Friday, November 18, 2011

People want to be lead

People hate making decisions that aren't easy. Apparently I can't stand the awkwardness or tension that lingers for even a second or two when everyone looks around to see who's going to take charge and make the decision or take action.

I want to be that person that does. In the past few days I HAVE been that person (not full of myself I swear). I had to push myself in my mind to do it but I guess there are baby steps if I want it to be something innate, something that's instinctive.

Just some reminders so when I forget:
1. You took charge when someone suggested that we should get captain to check that we were doing the pictures right
2. You took charge...a lot in dealing with some project decisions. That guy might be smart but he really doesn't like making even the slightest difficult decision
3. Language project, you definitely volunteered to be the leader first when that chick asked who wants to be the leader and everyone looked around awkwardly.

Take charge.

Wednesday, September 14, 2011

4 Ways how NOT to write a textbook

Specifically for sciences, math and engineering:

1. Describe a theorem, have maybe one or two examples and the proof of the theorem.

Why: More examples. Now. At the least 5-7 examples. The more examples the students can look at with step by step explanations the better they'll understand the theorem/topic/whatever. Proofs are almost always space-wasters but can be helpful if it's explained in a less dense form. Please oh please explain them better.

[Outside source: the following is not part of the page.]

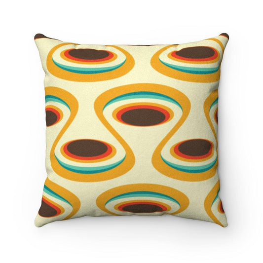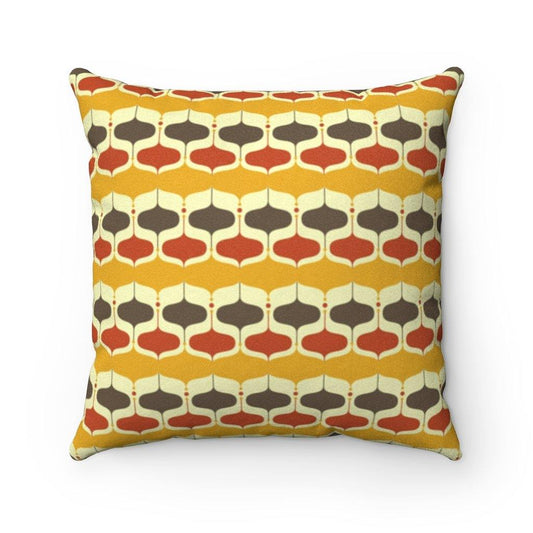 Retro 60s Abstract Onion Mid Century Mod Mustard & Brown Throw Pillow

2. Placing at the end of the chapter only problem sets that are many times harder than the ones in the examples.

Why: Ease the student into applying the theorem/topics they learned in the chapter. You don't just throw a kid into deep water after only showing them a video on how to swim. There needs to problems for all topics covered in the chapter spanning ALL difficulties. In fact this is the reason that motivated me to write this post in the first place. It wastes the student's time and it wastes your time when the students come into your office hours wondering whether or not there was a chunk of the chapter(s) that the publisher forgot to include because of the disparity between the depth of the problems and the depth of the material.

3. No solutions in the back

Why: You don't even need to provide an explanation if the answer to the problem doesn't ask for justification. Give. Us. Answers. We need to compare the work we've done to see if we've done it right. Otherwise we'll do the problem, it'll be wrong and we won't have the slightest clue until after the solutions are posted if posted at all. It's not at all about "oh kids these days don't know how hard we used to have it, we used to have to figure things out and work together..blah blah". No. I just want to know if I need to spend more time figuring out this problem or not or if I applied something wrong to a problem. That's it.

4. Obscure illustrations and quotes

Why: Simply irrelevant. If I wanted to read the history behind the guy that made up Eulerian graphs/see what the guy looks like/read a quote he wrote I'd go on wikipedia and look him up. Saves you ink and saves your editor time. This crap doesn't give the student any advantage in learning the material or doing well on your exams. It's just one more picture we can draw a penis or hitler stache on. Seriously, we do that.

Sunday, May 1, 2011

Three Dimensional Arrays

How do you access a three dimensional array? It's on my exam tomorrow, I'll try to explain it and in the process maybe I'll understand it better myself.

Say you have initialized a three dimensional array:
int array[x][y][z]
and you want to access:
array[A][B][C]

the offset will therefore = zyA + zB + C. Add that to the array's base address and you will have the address of the element at array[A][B][C]

Similarly for two dimensions
int Array[x][y]

offset = yA + B

I'll try to add illustrations after my exams, but it makes sense when you draw out out the memory array itself.